Oh, and I come online and find that access to the NYTimes has been restored. Life is complete.


Dec 2 2008

Dear Scummy Chinese Men,

Why, all of a sudden, are so many of you interested in me? In the many times I’ve come to China, I had not spent as much time with Chinese men at all until this fall. But through various interactions with various types of men in the past few months, I think I learned a lot about you.

I understand what the words that come out of your mouths mean. Want to watch a movie? It means you want to make out. Want to drink tea? It means you want to have sex. Want to come see my house? It means you want to have sex. It’s okay for you to cheat on your wife (and your child), because you have money and status symbols such an Audi and a vrooooom gas-guzzling Land Rover. It’s also okay to do anything you want, because you are a man.

You don’t have to get incite a physical fight with another man over me. Don’t bring baristas who work at your cafe along with you for a night of drinking to show your power over other people. And don’t let them do the fighting for you.

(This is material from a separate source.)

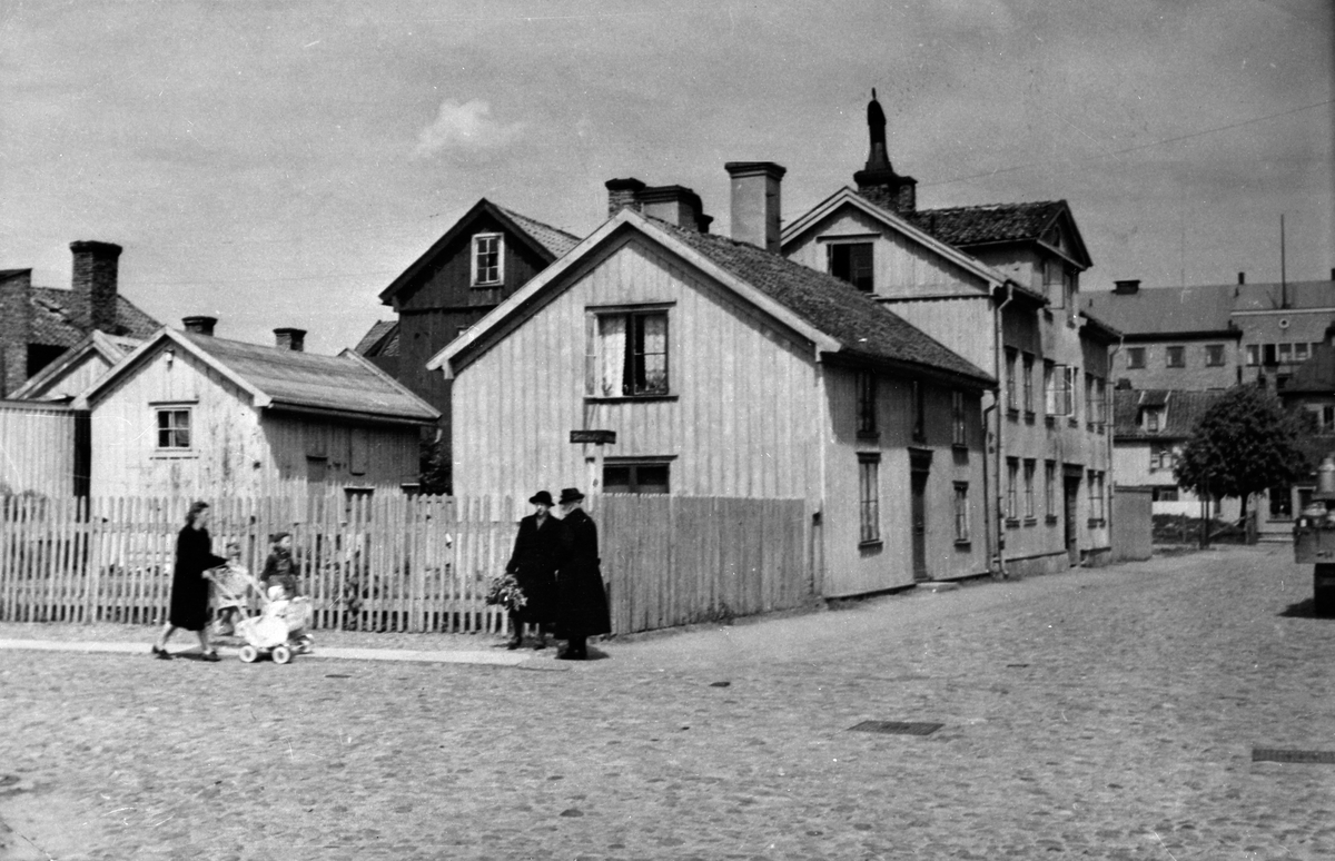 En mamma med tre barn och två äldre kvinnor möts utanför husen vid en kullerstensgata.

Stop being so clingy. You don’t have to call me 40 times a day (literally) and send me text after text. Much less to confirm whether I got your previous text. It does not work when you cry and tell me you love me, you love me, you really really love me. Showing your desperation really just makes me want to play with your emotions (forgive me). And seriously, if you really wanted to see me, you’d find some other way than through the phone.

I’ve had enough of you, kthxbi!

Sincerely,
Girl who needs her space. Really.


Nov 26 2008

Happiness Is

French wine, dark chocolate, jazz, sweats,and the feeling that you still got it goin’ on.